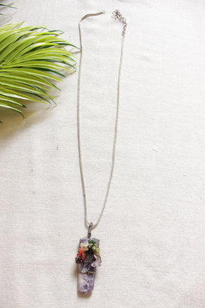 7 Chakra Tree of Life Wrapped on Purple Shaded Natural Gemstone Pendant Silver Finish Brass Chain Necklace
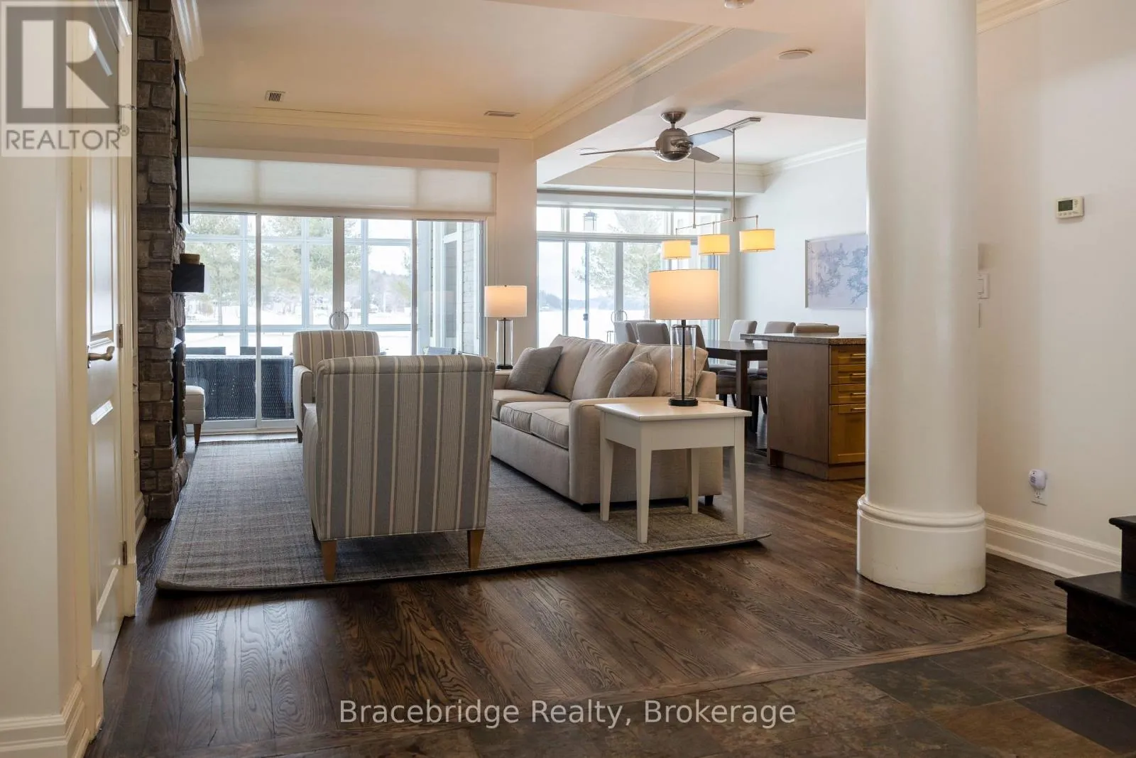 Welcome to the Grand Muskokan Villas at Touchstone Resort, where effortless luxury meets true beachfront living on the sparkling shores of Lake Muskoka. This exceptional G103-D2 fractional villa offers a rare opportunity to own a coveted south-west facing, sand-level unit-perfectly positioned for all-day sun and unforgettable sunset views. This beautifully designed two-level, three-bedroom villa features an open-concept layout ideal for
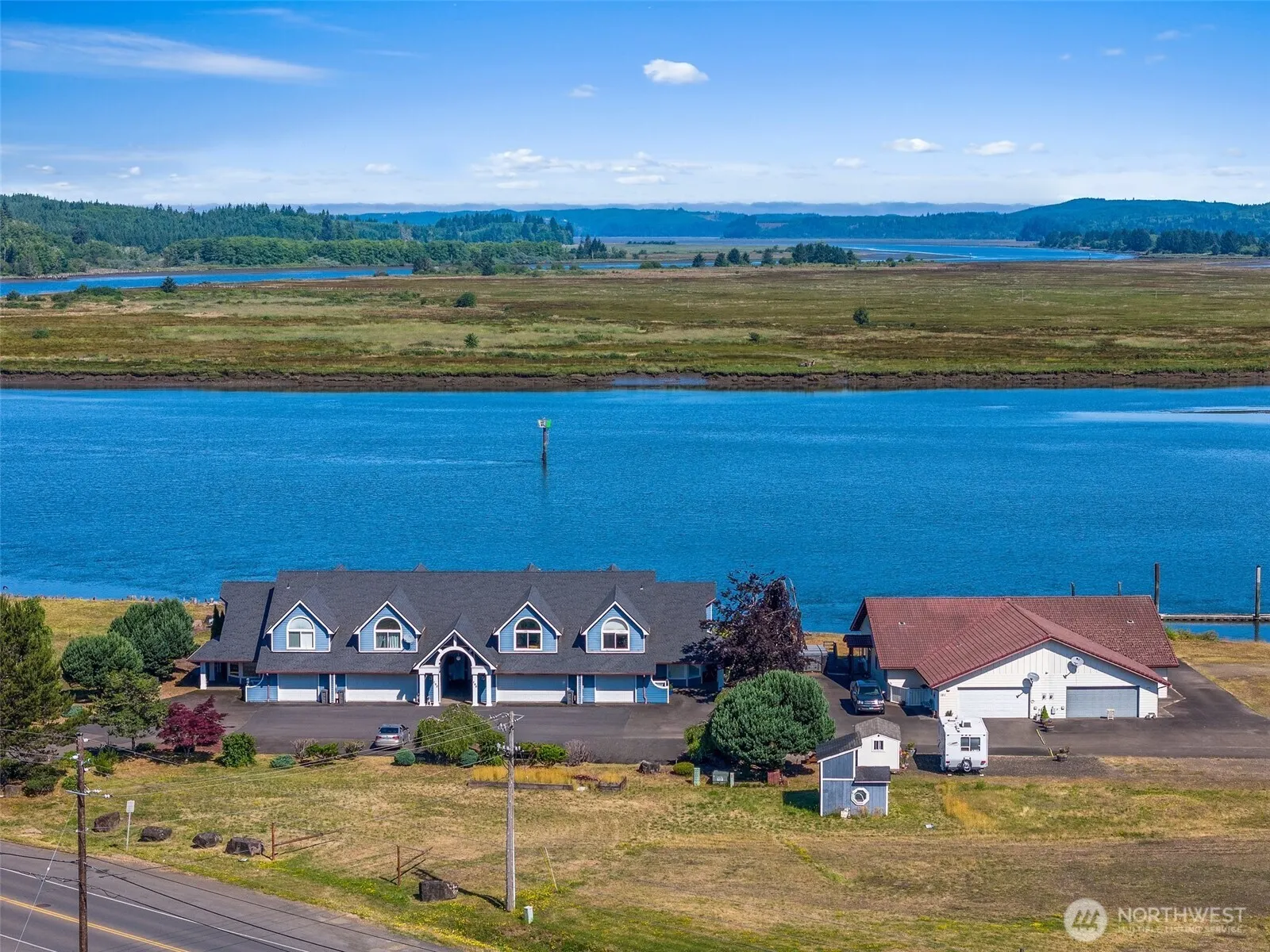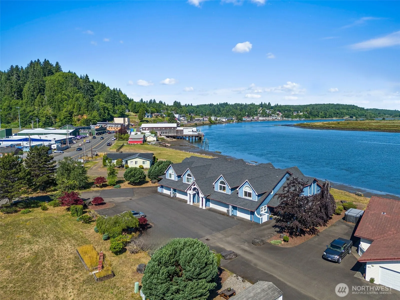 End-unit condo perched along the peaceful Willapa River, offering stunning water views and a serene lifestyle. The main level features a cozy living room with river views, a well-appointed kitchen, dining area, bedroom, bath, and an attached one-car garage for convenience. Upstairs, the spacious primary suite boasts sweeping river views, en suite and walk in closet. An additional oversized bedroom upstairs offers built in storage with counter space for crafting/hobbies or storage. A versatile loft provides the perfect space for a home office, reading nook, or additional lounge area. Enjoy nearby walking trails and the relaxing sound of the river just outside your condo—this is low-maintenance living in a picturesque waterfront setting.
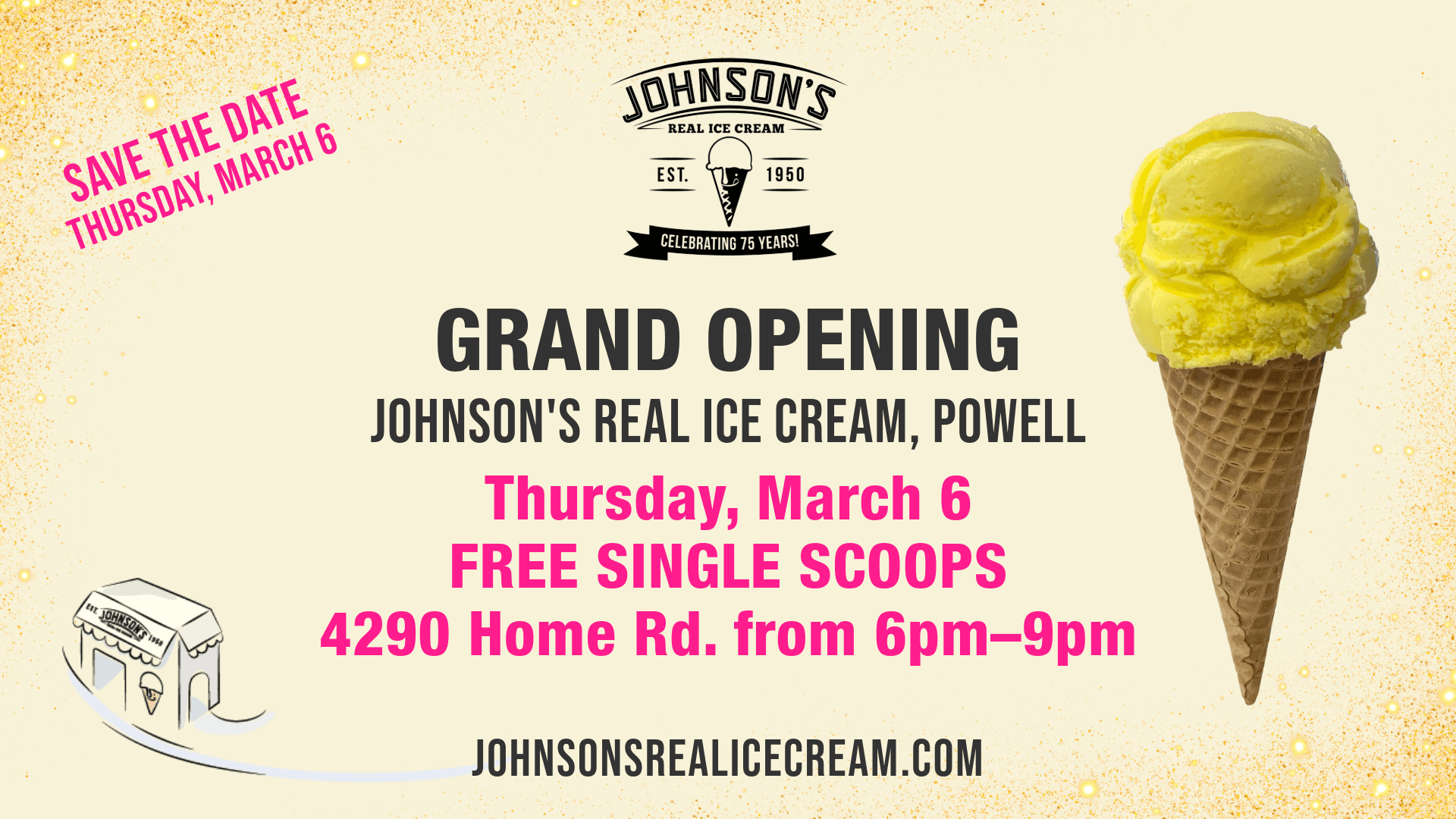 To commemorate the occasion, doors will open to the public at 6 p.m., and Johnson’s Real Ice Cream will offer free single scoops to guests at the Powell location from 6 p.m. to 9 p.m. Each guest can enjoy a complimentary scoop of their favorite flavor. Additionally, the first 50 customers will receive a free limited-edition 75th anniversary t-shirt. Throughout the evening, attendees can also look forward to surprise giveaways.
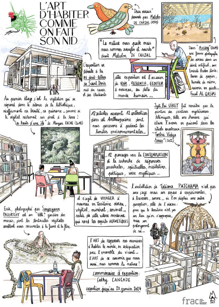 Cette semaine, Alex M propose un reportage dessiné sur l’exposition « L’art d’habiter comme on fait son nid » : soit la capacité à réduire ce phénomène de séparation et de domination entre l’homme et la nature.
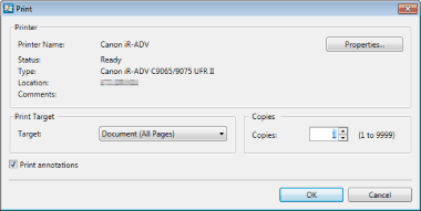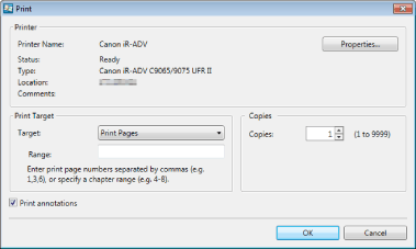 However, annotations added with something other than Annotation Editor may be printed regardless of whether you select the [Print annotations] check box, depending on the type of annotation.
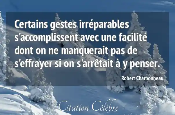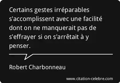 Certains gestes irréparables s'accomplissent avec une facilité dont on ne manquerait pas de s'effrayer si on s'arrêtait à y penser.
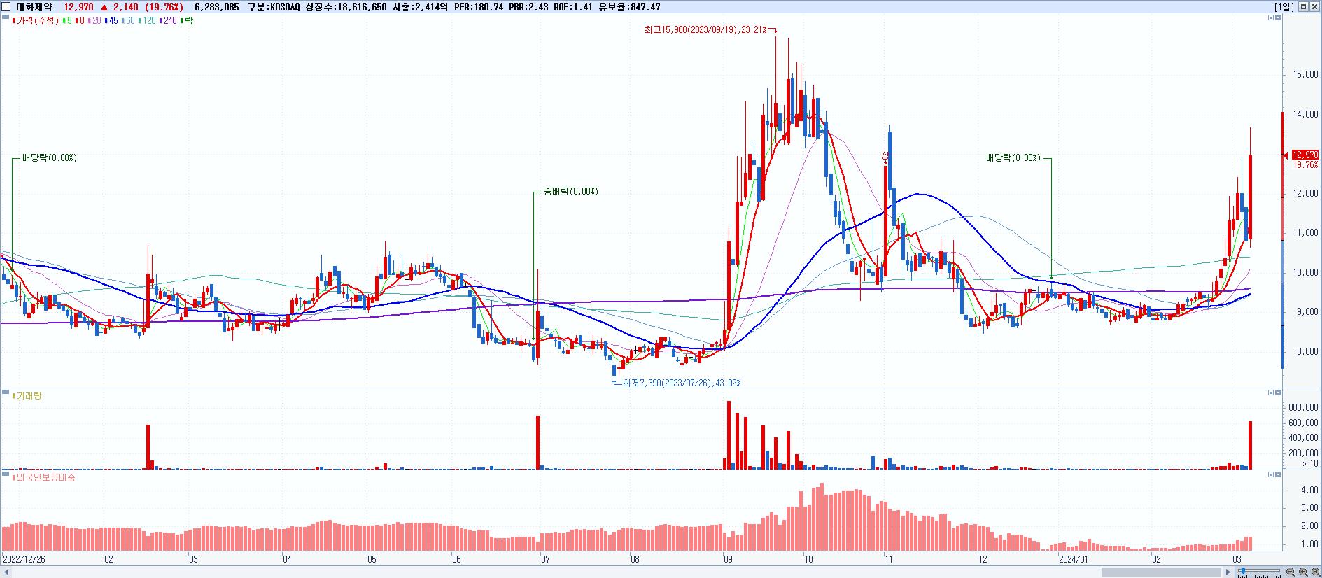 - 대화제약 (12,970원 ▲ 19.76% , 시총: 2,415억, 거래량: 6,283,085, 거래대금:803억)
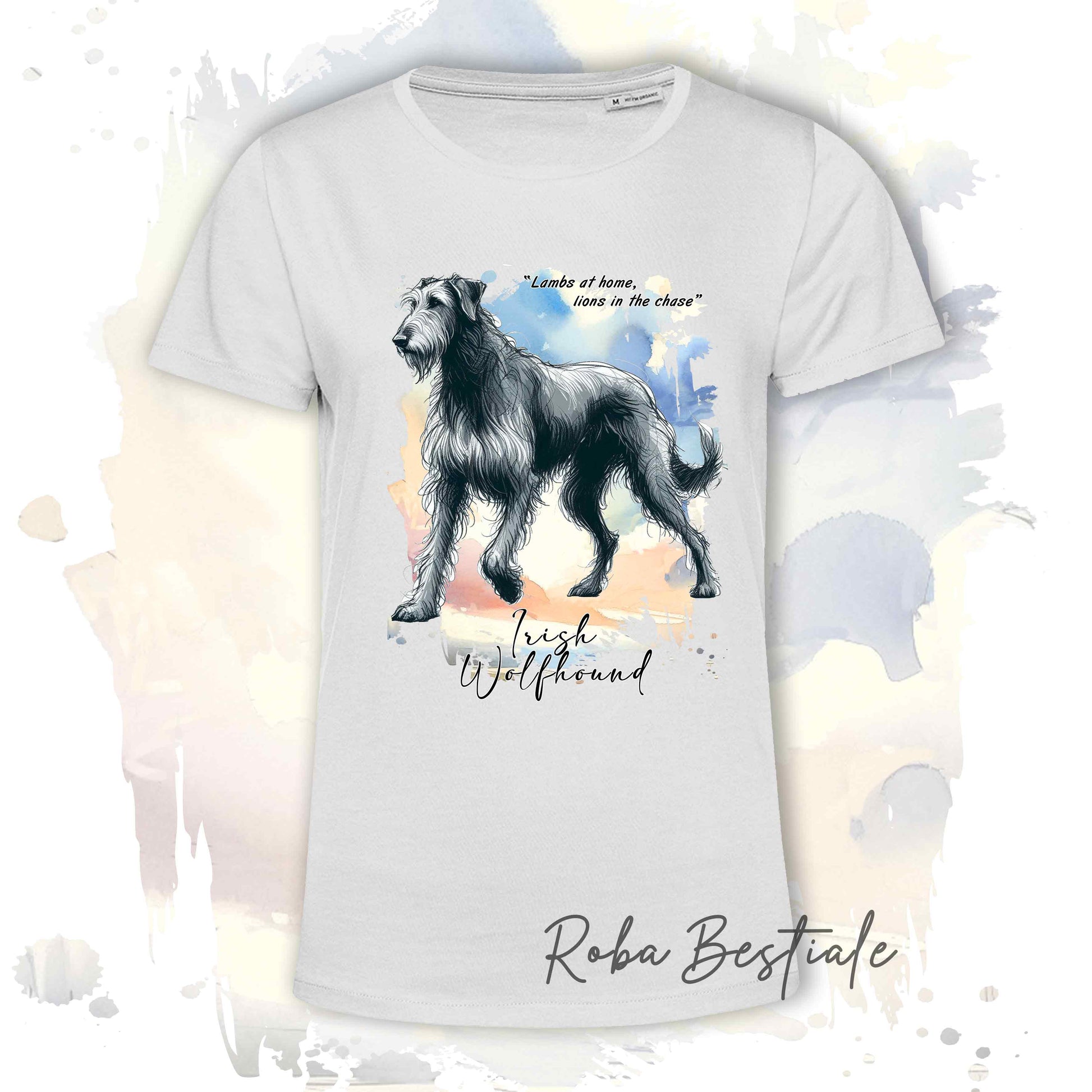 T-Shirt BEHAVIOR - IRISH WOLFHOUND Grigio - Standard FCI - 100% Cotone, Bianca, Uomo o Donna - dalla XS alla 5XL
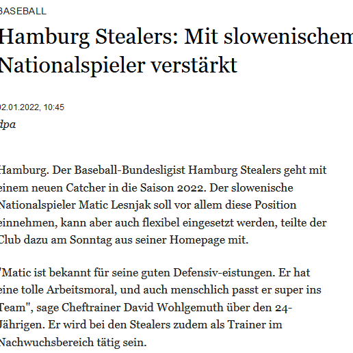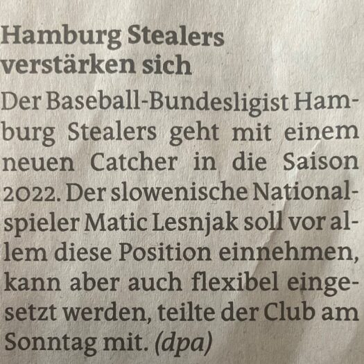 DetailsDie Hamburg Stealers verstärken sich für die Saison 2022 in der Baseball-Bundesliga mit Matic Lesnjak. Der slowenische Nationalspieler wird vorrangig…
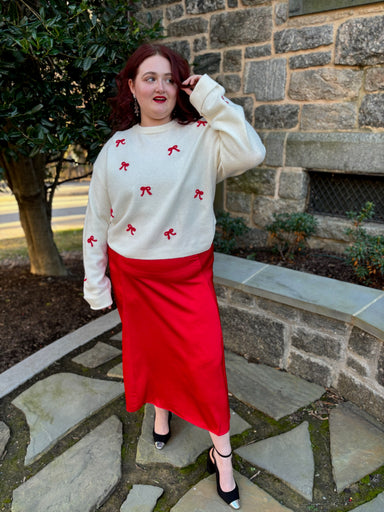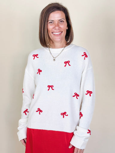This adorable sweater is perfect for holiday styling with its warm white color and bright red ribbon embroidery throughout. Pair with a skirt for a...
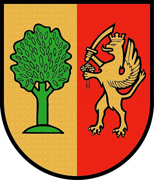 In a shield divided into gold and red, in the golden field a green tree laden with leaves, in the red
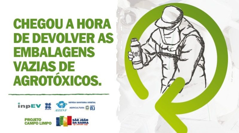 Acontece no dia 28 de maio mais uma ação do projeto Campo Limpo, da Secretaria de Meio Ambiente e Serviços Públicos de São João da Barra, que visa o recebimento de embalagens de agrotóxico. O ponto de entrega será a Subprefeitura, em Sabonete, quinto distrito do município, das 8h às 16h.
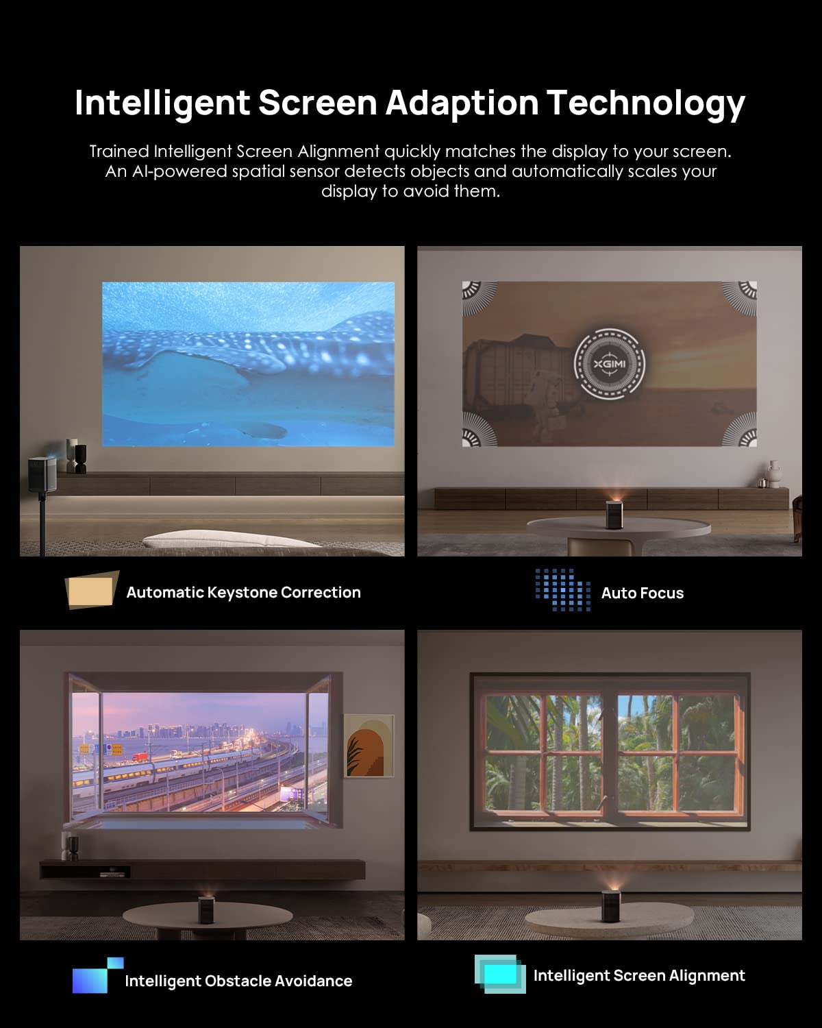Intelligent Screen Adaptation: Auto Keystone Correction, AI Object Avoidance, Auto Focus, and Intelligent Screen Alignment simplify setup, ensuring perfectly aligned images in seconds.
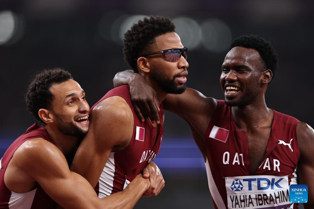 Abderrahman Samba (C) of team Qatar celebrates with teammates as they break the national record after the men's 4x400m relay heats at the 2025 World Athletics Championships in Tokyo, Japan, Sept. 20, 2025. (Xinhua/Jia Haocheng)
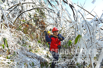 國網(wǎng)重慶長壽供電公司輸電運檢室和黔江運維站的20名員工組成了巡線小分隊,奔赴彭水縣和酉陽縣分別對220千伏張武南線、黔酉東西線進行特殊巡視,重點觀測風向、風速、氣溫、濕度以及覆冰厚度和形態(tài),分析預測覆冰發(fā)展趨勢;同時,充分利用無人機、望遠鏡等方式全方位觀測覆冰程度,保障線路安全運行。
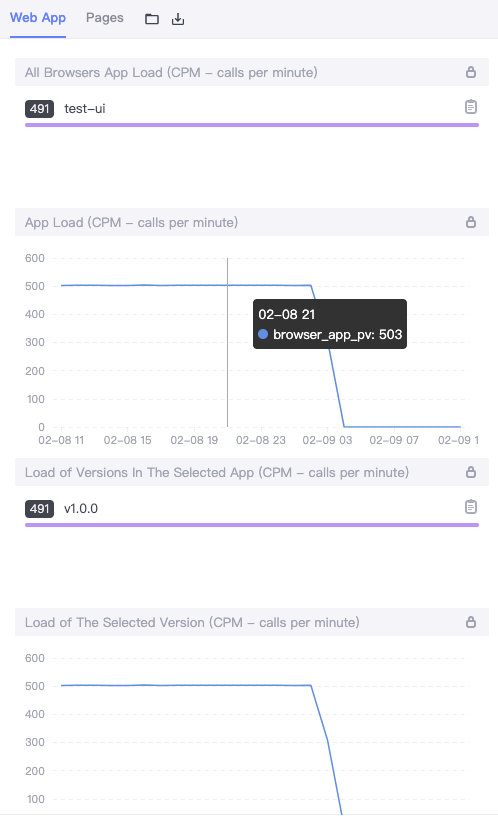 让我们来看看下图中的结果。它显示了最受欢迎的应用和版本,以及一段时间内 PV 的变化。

| What is expected |
Take the lines above starting at the one containing "- 대화제약 (12,970원" and ending at the one containing "Intelligent Screen Adaptation: Auto", and print them again exactly, without pictures.

| Task solution |
 - 대화제약 (12,970원 ▲ 19.76% , 시총: 2,415억, 거래량: 6,283,085, 거래대금:803억)
 T-Shirt BEHAVIOR - IRISH WOLFHOUND Grigio - Standard FCI - 100% Cotone, Bianca, Uomo o Donna - dalla XS alla 5XL
 DetailsDie Hamburg Stealers verstärken sich für die Saison 2022 in der Baseball-Bundesliga mit Matic Lesnjak. Der slowenische Nationalspieler wird vorrangig…
This adorable sweater is perfect for holiday styling with its warm white color and bright red ribbon embroidery throughout. Pair with a skirt for a...
 In a shield divided into gold and red, in the golden field a green tree laden with leaves, in the red
 Acontece no dia 28 de maio mais uma ação do projeto Campo Limpo, da Secretaria de Meio Ambiente e Serviços Públicos de São João da Barra, que visa o recebimento de embalagens de agrotóxico. O ponto de entrega será a Subprefeitura, em Sabonete, quinto distrito do município, das 8h às 16h.
Intelligent Screen Adaptation: Auto Keystone Correction, AI Object Avoidance, Auto Focus, and Intelligent Screen Alignment simplify setup, ensuring perfectly aligned images in seconds.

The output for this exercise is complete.